Оказывается, Витя Копыто умудрился скоропостижно жениться, и на его безымянном пальце блестело новенькое обручальное кольцо. Это известие повергло всех курсантов в глубокий шок. От кого-кого, но от любвеобильного ловеласа Копыто, с его гиперпотенцией, такого решительно необдуманного шага, никто не ожидал.
Самое смешное, что в не меньшем шоке, чем мы, находился и сам молодой муж. На все многочисленные ненавязчивые вопросы о его второй половинке и причинах, приведших к таким плачевным и необратимым последствиям, Витя лишь часто, глубоко и тяжело вздыхал, и молча отмахивался рукой с золотым колечком. Парень был, явно, в глубокой депрессии и прострации. Вот угораздило, так угораздило?! Витька реально попал! Хотелось бы, посмотреть на эту даму, которая за такие короткие сроки умудрилась окрутить нашего искушенного в амурных делах казарменного Казанову и успешно довести его до дверей ЗАГСа. Скорее всего, Копыто опьяненный сладким воздухом свободы, ушел в глубокий разудалый загул и женился, фактически не приходя в сознание.
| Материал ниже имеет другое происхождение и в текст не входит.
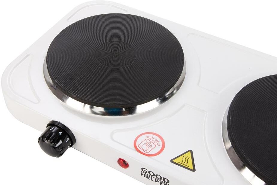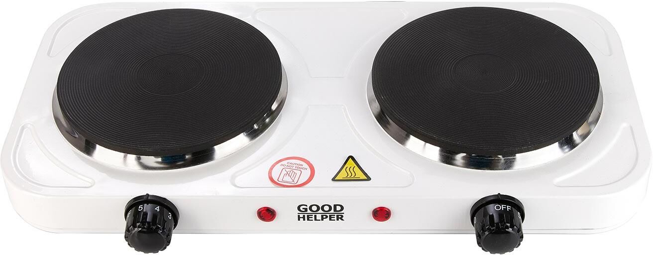 GOODHELPER электрическая ES-20P10 Goodhelper ES-20P10 — электроплитка с двумя конфорками диаметром 15,5 см и мощностью 1 кВт. Система управления — механическая, для каждой зоны нагрева — свой поворотный регулятор. Есть функция отключения при перегреве. Корпус делан из нержавеющей стали, на варочной поверхности — покрытие из эмали. Есть прорезиненные нескользящие ножки. Для подключения к розетке предусмотрен сетевой шнур 0,8 м. Размеры устройства — 7 х 43 х 21 см, вес — 2,25 кг.
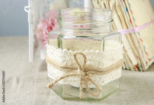 How Make Glass Jar Decorated Lace Stock Photo Edit Now 765095530

Практически, на автопилоте! Очнулся, так сказать, уже мужем, и не дай бог, многодетным отцом?! Ладно, не будем гадать и домысливать! Отойдет от шока, сам расскажет.
Вытряхнувшись из автобуса на нужной остановке с названием «Авиаучилище», шумная, галдящая толпа, подхватив свои чемоданы и объемные спортивные сумки, дружно двинулась к КПП — контрольно-пропускному пункту.
От остановки автобуса до КПП вела прямолинейная асфальтированная дорога, протяженностью метров 800-т. Уже виднелся знаменитый училищный пруд, расположенный непосредственно возле двухэтажного здания КПП и задранный в небо памятник легендарному истребителю МИГ-21. Сладкое волнение и легкая нервозность охватили всех нас. По спине забегали мурашки, размером с упитанную кошку. К горлу подступил комок, на глазах навернулись непроизвольные слезы умиления и сопливого восторга. Дома! Пусть не в родительском доме, но за два года учебы, училище стало нашим вторым домом. Не очень уютным и комфортным конечно, но все же родным и почти любимым.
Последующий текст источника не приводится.